===== Data for this exercise =====

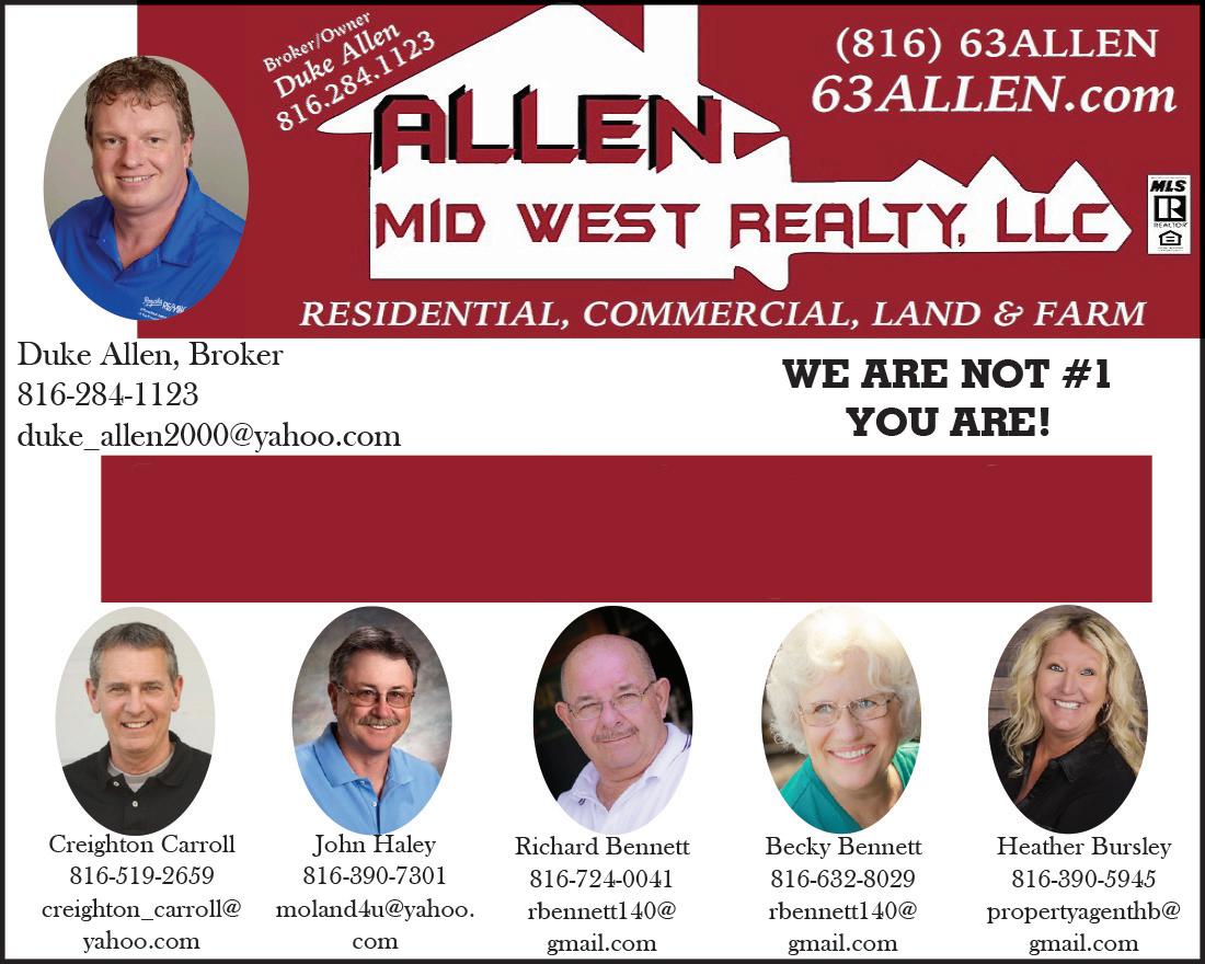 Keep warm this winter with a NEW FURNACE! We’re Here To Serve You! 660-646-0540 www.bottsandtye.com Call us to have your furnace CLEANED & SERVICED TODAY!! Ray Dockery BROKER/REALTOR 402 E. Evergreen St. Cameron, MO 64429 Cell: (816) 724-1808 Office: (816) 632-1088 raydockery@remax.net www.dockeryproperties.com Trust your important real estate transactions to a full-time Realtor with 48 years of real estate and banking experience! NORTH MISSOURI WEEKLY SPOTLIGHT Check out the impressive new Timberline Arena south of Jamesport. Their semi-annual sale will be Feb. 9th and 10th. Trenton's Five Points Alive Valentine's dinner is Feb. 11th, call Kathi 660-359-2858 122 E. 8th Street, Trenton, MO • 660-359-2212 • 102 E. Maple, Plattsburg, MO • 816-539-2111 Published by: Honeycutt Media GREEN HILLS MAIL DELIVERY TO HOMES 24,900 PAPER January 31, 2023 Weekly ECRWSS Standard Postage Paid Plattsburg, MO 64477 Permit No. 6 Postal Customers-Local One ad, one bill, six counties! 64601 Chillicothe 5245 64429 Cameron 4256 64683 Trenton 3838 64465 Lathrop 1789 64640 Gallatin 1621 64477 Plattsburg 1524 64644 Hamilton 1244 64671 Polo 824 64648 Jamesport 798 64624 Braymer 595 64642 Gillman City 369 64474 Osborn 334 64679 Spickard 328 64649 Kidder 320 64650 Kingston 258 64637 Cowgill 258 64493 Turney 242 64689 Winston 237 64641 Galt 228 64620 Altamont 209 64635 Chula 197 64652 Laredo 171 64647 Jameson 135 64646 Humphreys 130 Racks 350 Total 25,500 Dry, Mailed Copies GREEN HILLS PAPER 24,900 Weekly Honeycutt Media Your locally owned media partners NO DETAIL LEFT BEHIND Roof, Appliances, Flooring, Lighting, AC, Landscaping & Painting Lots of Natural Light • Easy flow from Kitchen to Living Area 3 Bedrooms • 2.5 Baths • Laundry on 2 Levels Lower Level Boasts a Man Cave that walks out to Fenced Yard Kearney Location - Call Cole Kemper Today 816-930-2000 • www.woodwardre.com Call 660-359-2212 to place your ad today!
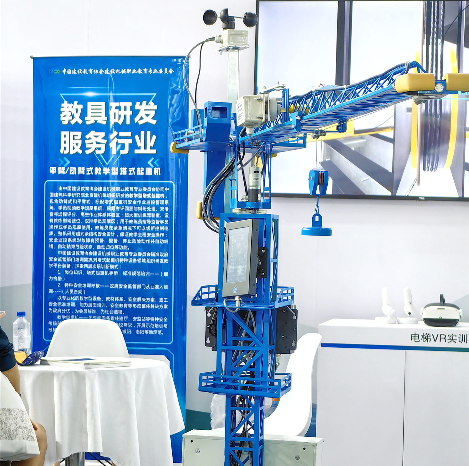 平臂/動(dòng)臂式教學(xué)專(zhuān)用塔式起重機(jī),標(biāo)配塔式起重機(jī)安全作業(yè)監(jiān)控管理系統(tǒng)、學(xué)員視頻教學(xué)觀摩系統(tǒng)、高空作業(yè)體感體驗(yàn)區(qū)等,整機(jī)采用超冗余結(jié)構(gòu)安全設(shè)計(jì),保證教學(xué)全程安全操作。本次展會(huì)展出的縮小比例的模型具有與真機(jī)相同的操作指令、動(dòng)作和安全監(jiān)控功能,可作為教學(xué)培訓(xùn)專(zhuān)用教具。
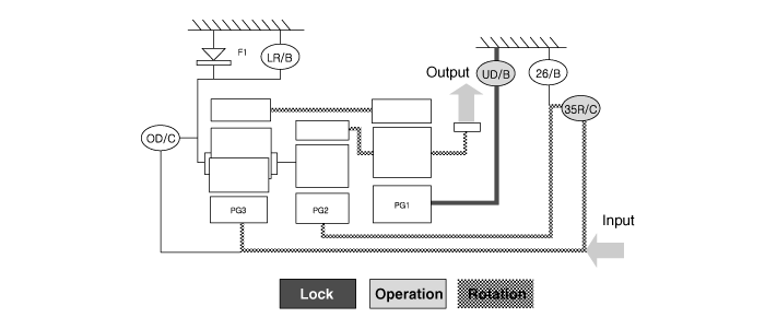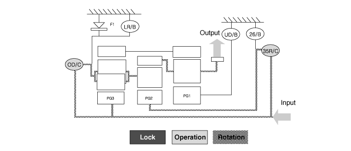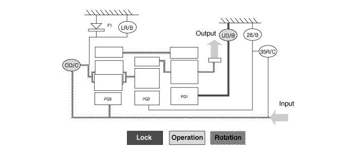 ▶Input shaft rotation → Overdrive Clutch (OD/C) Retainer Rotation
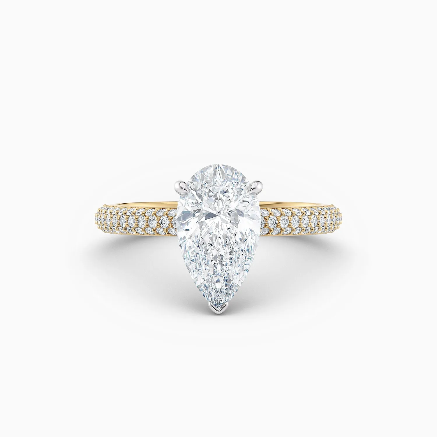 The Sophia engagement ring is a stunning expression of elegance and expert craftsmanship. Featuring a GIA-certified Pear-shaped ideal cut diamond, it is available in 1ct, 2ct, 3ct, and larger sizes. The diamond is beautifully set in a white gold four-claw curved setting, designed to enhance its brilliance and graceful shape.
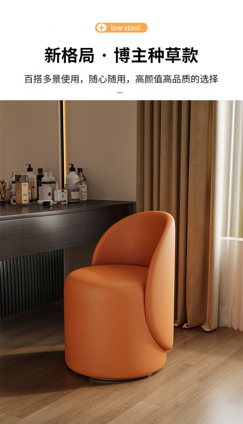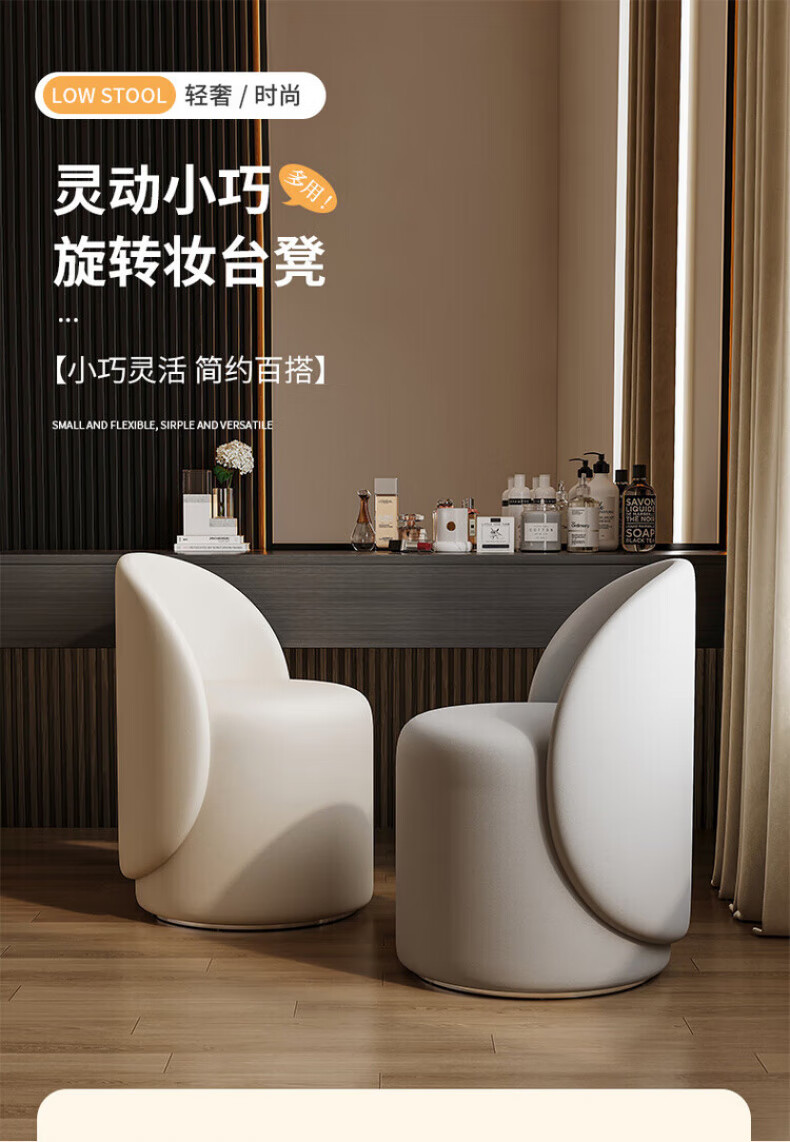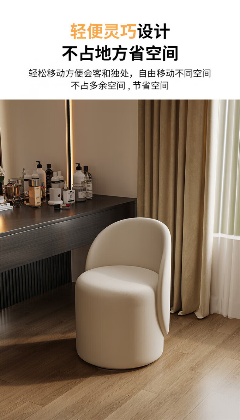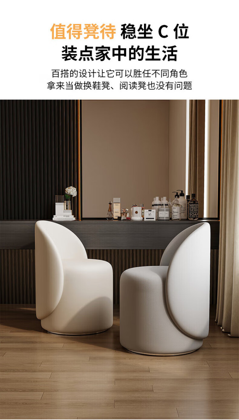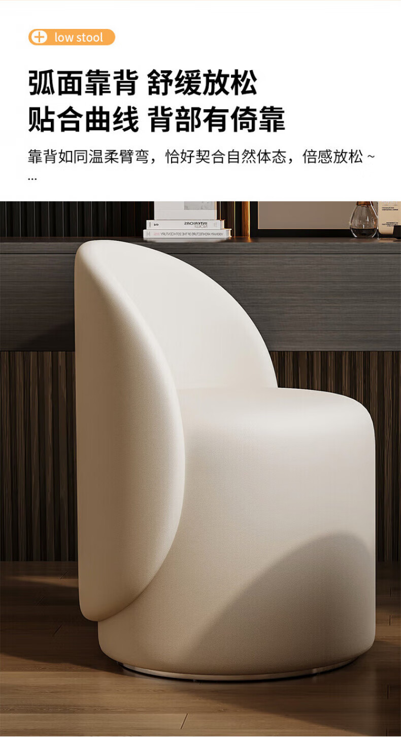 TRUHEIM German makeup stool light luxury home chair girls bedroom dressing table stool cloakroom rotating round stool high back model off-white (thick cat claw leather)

=====

Exercise. Copy every entry word for word, but omit the pictures.

Response for this exercise.
 Keep warm this winter with a NEW FURNACE! We’re Here To Serve You! 660-646-0540 www.bottsandtye.com Call us to have your furnace CLEANED & SERVICED TODAY!! Ray Dockery BROKER/REALTOR 402 E. Evergreen St. Cameron, MO 64429 Cell: (816) 724-1808 Office: (816) 632-1088 raydockery@remax.net www.dockeryproperties.com Trust your important real estate transactions to a full-time Realtor with 48 years of real estate and banking experience! NORTH MISSOURI WEEKLY SPOTLIGHT Check out the impressive new Timberline Arena south of Jamesport. Their semi-annual sale will be Feb. 9th and 10th. Trenton's Five Points Alive Valentine's dinner is Feb. 11th, call Kathi 660-359-2858 122 E. 8th Street, Trenton, MO • 660-359-2212 • 102 E. Maple, Plattsburg, MO • 816-539-2111 Published by: Honeycutt Media GREEN HILLS MAIL DELIVERY TO HOMES 24,900 PAPER January 31, 2023 Weekly ECRWSS Standard Postage Paid Plattsburg, MO 64477 Permit No. 6 Postal Customers-Local One ad, one bill, six counties! 64601 Chillicothe 5245 64429 Cameron 4256 64683 Trenton 3838 64465 Lathrop 1789 64640 Gallatin 1621 64477 Plattsburg 1524 64644 Hamilton 1244 64671 Polo 824 64648 Jamesport 798 64624 Braymer 595 64642 Gillman City 369 64474 Osborn 334 64679 Spickard 328 64649 Kidder 320 64650 Kingston 258 64637 Cowgill 258 64493 Turney 242 64689 Winston 237 64641 Galt 228 64620 Altamont 209 64635 Chula 197 64652 Laredo 171 64647 Jameson 135 64646 Humphreys 130 Racks 350 Total 25,500 Dry, Mailed Copies GREEN HILLS PAPER 24,900 Weekly Honeycutt Media Your locally owned media partners NO DETAIL LEFT BEHIND Roof, Appliances, Flooring, Lighting, AC, Landscaping & Painting Lots of Natural Light • Easy flow from Kitchen to Living Area 3 Bedrooms • 2.5 Baths • Laundry on 2 Levels Lower Level Boasts a Man Cave that walks out to Fenced Yard Kearney Location - Call Cole Kemper Today 816-930-2000 • www.woodwardre.com Call 660-359-2212 to place your ad today!
 平臂/動(dòng)臂式教學(xué)專(zhuān)用塔式起重機(jī),標(biāo)配塔式起重機(jī)安全作業(yè)監(jiān)控管理系統(tǒng)、學(xué)員視頻教學(xué)觀摩系統(tǒng)、高空作業(yè)體感體驗(yàn)區(qū)等,整機(jī)采用超冗余結(jié)構(gòu)安全設(shè)計(jì),保證教學(xué)全程安全操作。本次展會(huì)展出的縮小比例的模型具有與真機(jī)相同的操作指令、動(dòng)作和安全監(jiān)控功能,可作為教學(xué)培訓(xùn)專(zhuān)用教具。
 ▶Input shaft rotation → Overdrive Clutch (OD/C) Retainer Rotation
 The Sophia engagement ring is a stunning expression of elegance and expert craftsmanship. Featuring a GIA-certified Pear-shaped ideal cut diamond, it is available in 1ct, 2ct, 3ct, and larger sizes. The diamond is beautifully set in a white gold four-claw curved setting, designed to enhance its brilliance and graceful shape.
 TRUHEIM German makeup stool light luxury home chair girls bedroom dressing table stool cloakroom rotating round stool high back model off-white (thick cat claw leather)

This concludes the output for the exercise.